“We’re actually going to have some live stuff,” explained President Obama, “instead of some virtual stuff.”
On that plucky note, Obama essentially ended the first open, democratically operated virtual town hall in White House history, turning his attention to a small crowd assembled in the East Room. Thursday’s town hall drew swift and divergent reactions, but few observers noted how the gathering actually contained two completely distinct events.
The “live stuff,” to use the president’s taxonomy, was an entirely routine presidential meet-and-greet with supporters. Five questions were chosen randomly, but they were all drawn from a screened pool of friendly faces. One questioner was invited by the DNC; another by a union that endorsed Obama; another said that he served on Obama’s education-platform committee. And so on. For such guests, these kind of events are usually seducing or intimidating–earnest people can easily become props.
There was a second event in the East Room, however, just before those invited guests asked their questions. Six random people–who had not been vetted and had no idea that the questions that they calmly posed at home would reach the president–suddenly found their voices amplified in Washington. Not because they were handpicked for a White House event, or because they finagled tickets to a rare presidential visit, but because their questions drew thousands of votes from fellow citizens. The “virtual stuff” did not stop at empowering only those six voices, either.
“Open for Questions,” an innovative, potentially combustible experiment with interactive government, sparked a rolling, two-day national debate about the economic issues facing the nation. Over 92,000 people generated roughly 100,000 questions. The depth of participation was staggering: visitors voted for over twenty-five questions on average, suggesting participants wanted to listen to each other, not simply be heard. People even debated the administration’s attempt to define the category of the “economy,” rallying behind questions criticizing the war on drugs by casting it as an economic issue.
While the town hall did not break major “news,” in the conventional sense, it clearly operated on a wider axis than traditional White House events.
Take healthcare, for example. The administration only talks about employer-based reforms, and so far, the Washington press corps has accepted those boundaries. In the president’s first two press conferences, there was not a single question on popular proposals for single-payer healthcare.
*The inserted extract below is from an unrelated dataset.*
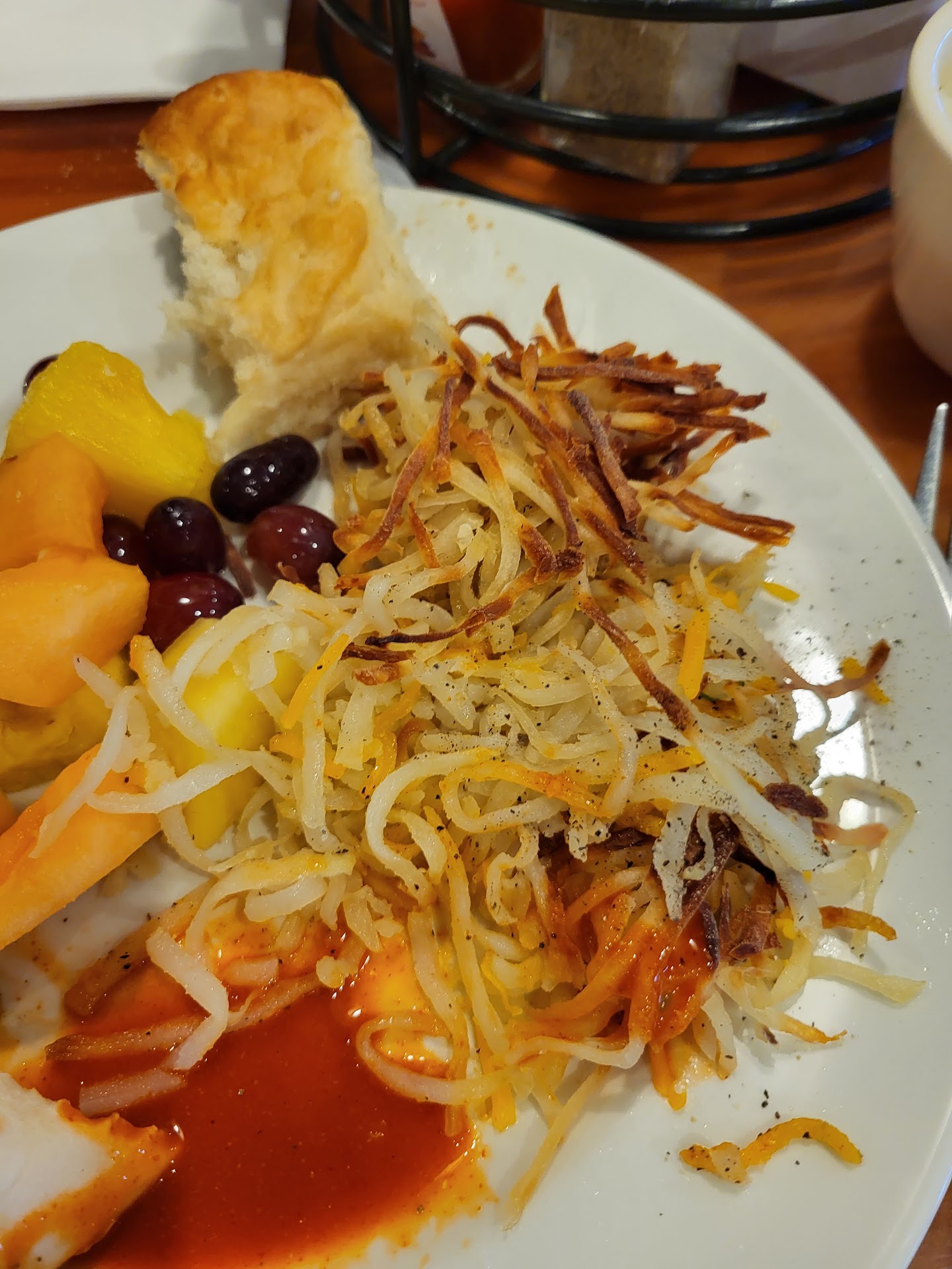 The only thing good about the buffet is the fresh made omelettes and fruit. They have a big selection but most things are cold. Went to get plates and we noticed there was food still on the plates and silverware. Looked through the plates and most of the were like that. Young (white kid with a big afro and no hair net) guy brought out fresh plates, then the very first two had watery-food sludge on them. I then told the young guy that those plates had food in them also. He quickly and rudely responded "Hey, we ran them through the wash and I brought them out here!", as if he was mad at me for what was happening! I then replied, but these have food on them also, I tried to show him and he ignored us until he was finished and then quickly walked away. After the plate/silverware ordeal, we sat down at our table and the air vent above was dripping water on us and the food!! We prepaid for the breakfast online. My guess is that management and owners aren't paying attention to the quality of services that are being delivered to guests. They screwed up our room also, we got stuck in a handicap room. How pathetic! I hope that room wasn't needed by someone who really needed it! Wasn't offered anything other than a roll-a-way bed. Was told there weren't any other...

Many citizens, however, are still wondering if the United States will adopt “a universal healthcare system, like many European countries,” as a Californian named Richard wrote, in what became the most popular health care question on WhiteHouse.gov. (A single-payer query was also one of the most popular questions according to citizen votes at Ask The President, a similar, independent portal backed by The Nation, the Washington Times and Personal Democracy Forum.) In response, Obama argued that the United States can pursue universal healthcare without abandoning employer-based healthcare. “I don’t think the best way to fix our healthcare system is to suddenly completely scrap what everybody is accustomed to,” he said, “and the vast majority of people already have [employer healthcare].”